Settler: Obama ‘First-Rate Racist’, Palestinian Suffering Analogy ‘Not Far From Holocaust Denial’

West Bank settler Beni Katzover, a former chairman of the Yesha Settlement Council, writes in “First-Rate Racist” on page 4 of Ma’ariv : “The US President did a good thing when he drew a comparison between the Jews’ suffering in World War II and the suffering of the Palestinians ‘in pursuit of a homeland,’ as he put it. Such a blatant distortion of history is not far from Holocaust denial. Making an analogy between the Jewish Holocaust and the Palestinians’ suffering is like comparing the victim with the murderer who failed to complete his mission.”

“Obama reiterated his desire for the establishment of two states for two nations in an apparent show of balance and equality between Jews and Arabs. Yet Obama ‘forgot’ that more than 1 million Arabs live in Israel, enjoying democratic rights that they cannot find anywhere among their brethren in the Arab countries. No one stands in their way when they build, even illegally, tens of thousands of homes, but we the Jews in Samaria are not allowed to live there, cannot build, and are prohibited from purchasing land. Obama, who is supposed to be sensitive to racism, himself turns into a first-rate racist. However, I believe it is ultimately all for the best: Such far-reaching falsehoods and such brutal, unbalanced pressure, will force us to go back to basics, to go back to our Jewishness and to our backbone, which have sustained us throughout the generations.”

Obama Rewrote History of Middle East, Singled Out Settlements as Obstacle to Peace

Yo’az Hendel, a researcher at Tel Aviv University’s Institute for National Security Studies, writes in “Only the Settlers Stand in His Way” on page 8 of Yedi’ot Aharonot : “Obama’s speech in Cairo yesterday is an attempt to sell the Middle East dreams for a pot of lentils. Obama is preaching to the converted, appeasing the most appeased Arabs — those who get huge financial aid from him every year — while presenting unrealistic demands from the only country in the region that has completely identified with him without playing any honor games. The new liberal US President has no intention of telling others how to live their lives. Every country, he claimed, has the right to implement its kind of ‘democracy’ as it sees fit — every country but one.

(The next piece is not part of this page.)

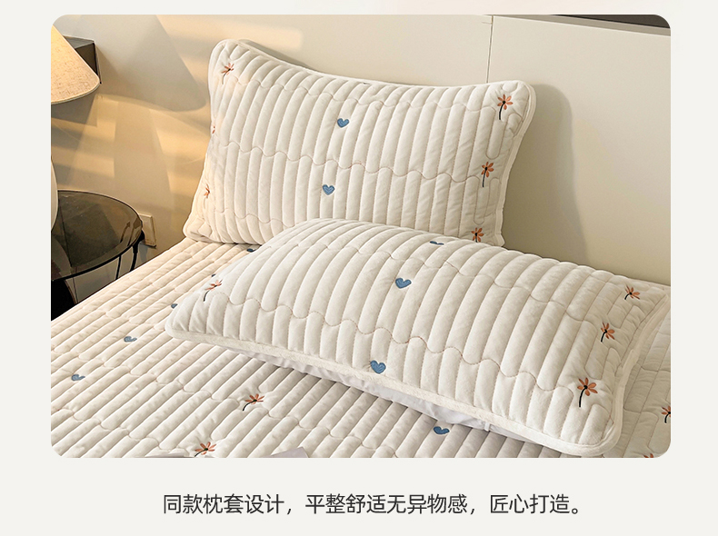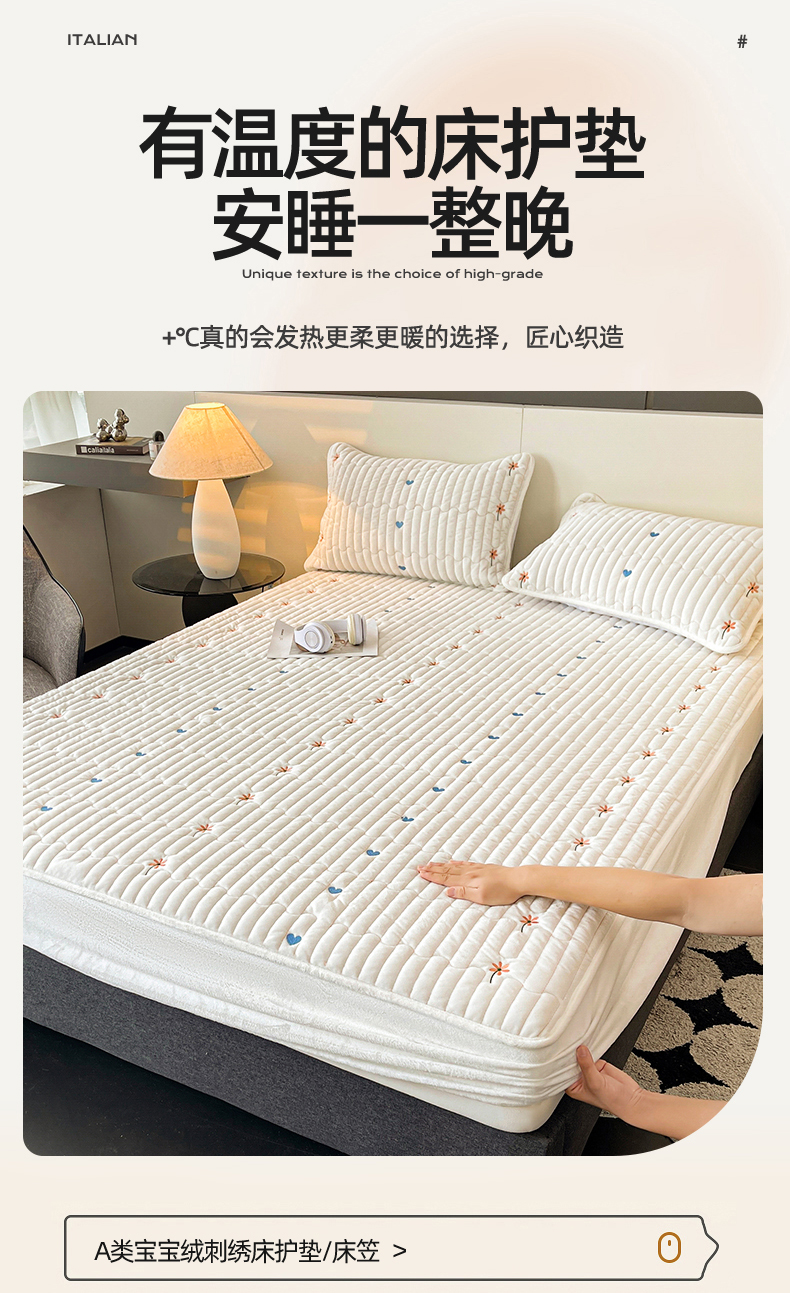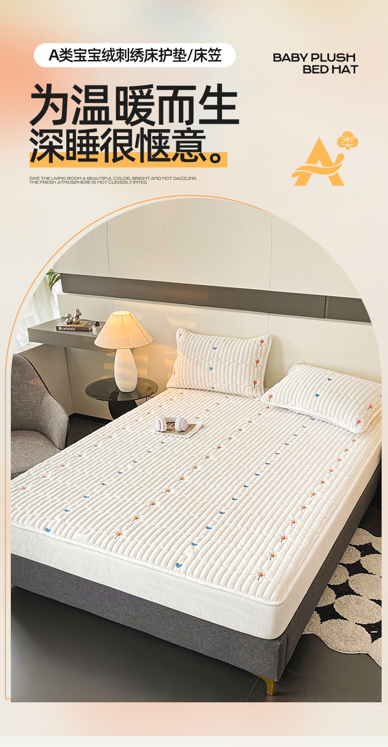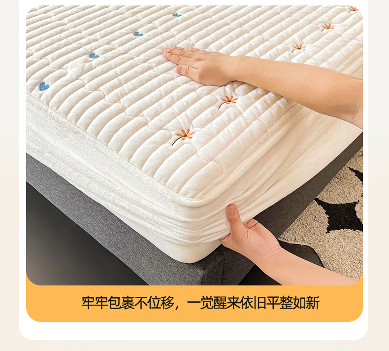 商品名称:2024新款A类纯色牛奶绒刺绣薄款床垫加厚绒保暖床笠床护垫 艾维-白(床笠款)

“He had no words of condemnation for the horror regime in Saudi Arabia under the leadership of his friend, the enlightened King Abdallah; the torture installations in Egypt; the attitude toward Christians and women; the poverty, tyranny, and illiteracy in most of the countries in the Arab world. He talked about all these in a far-away language as though this applied to a distant planet that is unrelated to the goal of his journey. He produced a silver platter with a recommended US ideal that everyone is welcome to taste from — and, if they don’t want to, they may very well pursue their sacred tradition, whatever it may be. There was only one wrongdoing which the latter-day US prophet lamented, one phenomenon that he was not prepared to gloss over and move on the day’s other affairs — the settlements.

“With the help of some talented advisers, the history of the unattainable Middle East peace has been rewritten. Gone are the internal struggles between the Sunnis and the Shiites as the focus of the fire and blaze; gone is the Arab nations’ contempt for the Palestinians and their refugees, who roam all around the Middle East; and, to the chagrin of the Oslo people, likewise gone are even the generous Israeli proposals and the bursts of violence that came in their wake.

“What remains as an obstacle to peace, according to Obama, is only that minuscule thing on the hills of Samaria. The settlers, whose vast majority is busy building houses, planting trees, and raising children (conceived, apparently, as part of natural growth). They are the ones who are responsible for the Israeli-Arab conflict. It is opposite them that a real liberal President must remain unwavering. Had we not witnessed the consequences of the dismantling of the settlements in the Gaza Strip, somebody in Israel might have thought that this is true.”